The stretch from the line with "С местом, куда" through the line with "為充分調動更廣泛的社會力量支" in the records below: write it out exactly, and nothing else.

> THE INPUT
^^^^
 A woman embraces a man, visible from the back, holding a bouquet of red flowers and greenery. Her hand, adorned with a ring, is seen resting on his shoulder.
^^^^
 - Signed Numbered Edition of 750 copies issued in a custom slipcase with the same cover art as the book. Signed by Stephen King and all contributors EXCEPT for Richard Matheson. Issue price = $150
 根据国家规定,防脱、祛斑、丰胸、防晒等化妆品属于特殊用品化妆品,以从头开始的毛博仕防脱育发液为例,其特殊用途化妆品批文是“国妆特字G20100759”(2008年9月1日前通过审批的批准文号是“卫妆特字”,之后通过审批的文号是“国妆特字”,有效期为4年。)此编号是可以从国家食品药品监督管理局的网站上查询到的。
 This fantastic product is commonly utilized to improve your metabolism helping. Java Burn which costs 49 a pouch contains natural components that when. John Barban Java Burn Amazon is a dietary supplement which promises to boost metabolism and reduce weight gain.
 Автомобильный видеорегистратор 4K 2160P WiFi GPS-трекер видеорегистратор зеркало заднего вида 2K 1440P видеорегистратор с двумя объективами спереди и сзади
^^^^
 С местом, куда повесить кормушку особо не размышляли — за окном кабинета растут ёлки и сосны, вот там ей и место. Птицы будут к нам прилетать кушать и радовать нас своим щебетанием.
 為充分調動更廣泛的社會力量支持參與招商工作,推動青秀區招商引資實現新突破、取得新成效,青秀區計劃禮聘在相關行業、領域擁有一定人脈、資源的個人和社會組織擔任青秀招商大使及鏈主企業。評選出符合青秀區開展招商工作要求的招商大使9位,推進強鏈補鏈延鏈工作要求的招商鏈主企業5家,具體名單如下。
^^^^
> ANSWER FOR THIS EXERCISE
 С местом, куда повесить кормушку особо не размышляли — за окном кабинета растут ёлки и сосны, вот там ей и место. Птицы будут к нам прилетать кушать и радовать нас своим щебетанием.
 為充分調動更廣泛的社會力量支持參與招商工作,推動青秀區招商引資實現新突破、取得新成效,青秀區計劃禮聘在相關行業、領域擁有一定人脈、資源的個人和社會組織擔任青秀招商大使及鏈主企業。評選出符合青秀區開展招商工作要求的招商大使9位,推進強鏈補鏈延鏈工作要求的招商鏈主企業5家,具體名單如下。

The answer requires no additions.